In 1988, he began his career with the Federal Department of Foreign Affairs (FDFA) and was posted as a diplomat-in-training in Bern, Switzerland, and Athens, Greece.

From 1990 to 1995, he worked in the FDFA’s Directorate of International Law in Bern, and he headed the Division for Humanitarian Law 1993–1995.

He had his first diplomatic tour in the U.S. from 1995 to 1999, serving as deputy consul general in New York. He then shifted to the Swiss embassy in Washington, DC, to handle communications from 1999 to 2001.

Sager was head of the Coordination Office for Humanitarian Law for the Directorate of International Law from November 2001 to September 2002. For the next four months, he was head of communications for the Federal Department of Foreign Affairs, after which he moved on to the same position in the Federal Department of Economic Affairs.

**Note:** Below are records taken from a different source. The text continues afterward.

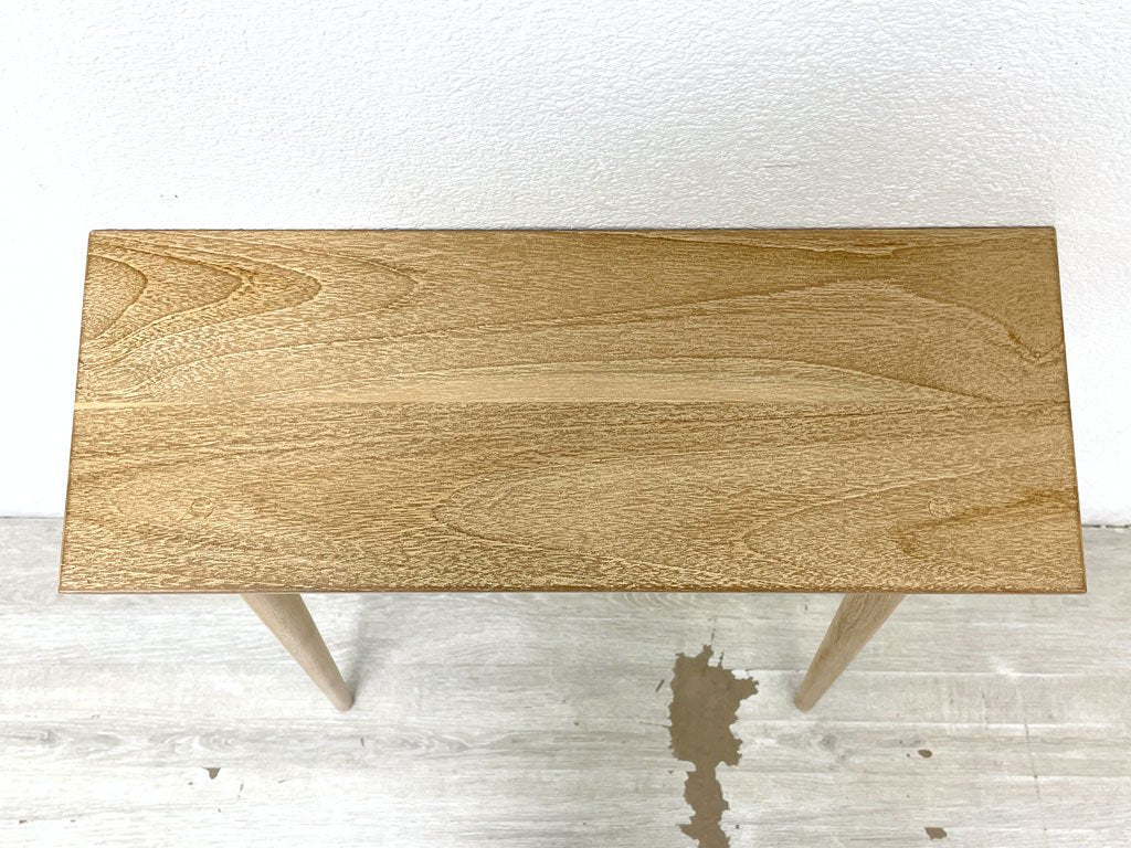 “どんなお宅にも上品に溶け込み、シンプルで置く物を引き立てる”をテーマにデザインされた木製コンソールテーブル。
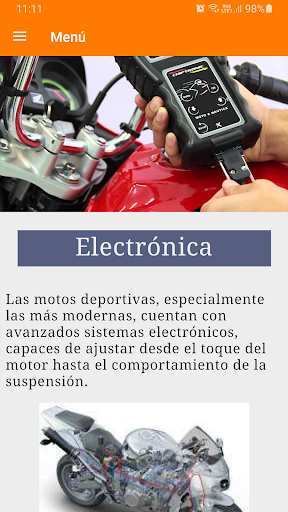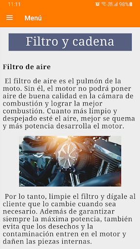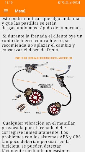 La app “Curso de mecánica de motos” te trae un manual de instrucciones que te enseña cada una de las partes más importantes de una motocicleta y la relación existente entre ellas, para lograr el correcto funcionamiento de la misma. Si tu moto tiene algún problema, detéctalo y una vez que encuentres la solución dentro de esta aplicacion, podrás conocer qué herramientas podrías necesitar para arreglaro, además de los pasos a seguir por supuesto.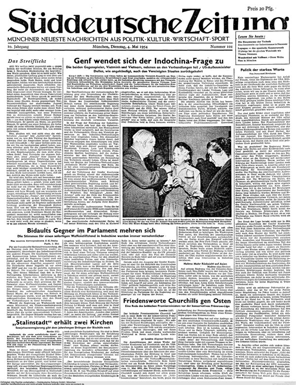 Titelseite der SZ vom 4.5.1954. (Süddeutsche Zeitung Archiv) HLB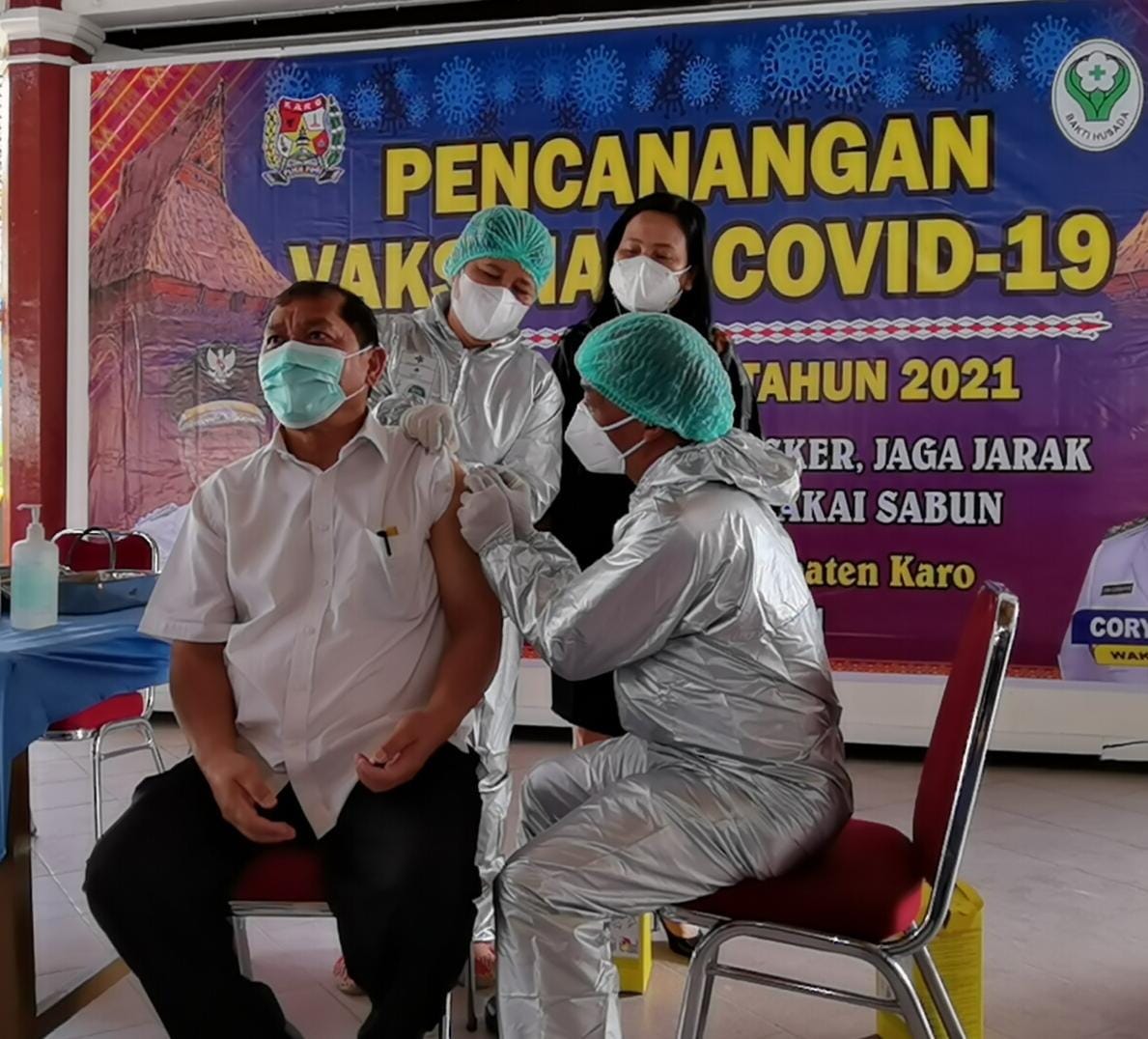 Bupati Karo Terkelin Brahmana SH MH Pertama Divaksin Memutus Penularan Covid-19

From October 2005 to July 2008, Sager was an executive director at the European Bank for Reconstruction and Development in London, in charge of nine countries, including those in the ex-Soviet Union. He then took over as head of the FDFA’s Political Affairs Division (2008–2010).

==Family life==

Sager met his American-born wife, Christine, at a youth hostel in Oregon in 1982 while both were travelling around the United States. They were married 11 months later.

==Hobbies==
Sager is a guitarist and playing guitar is his favorite leisure activity.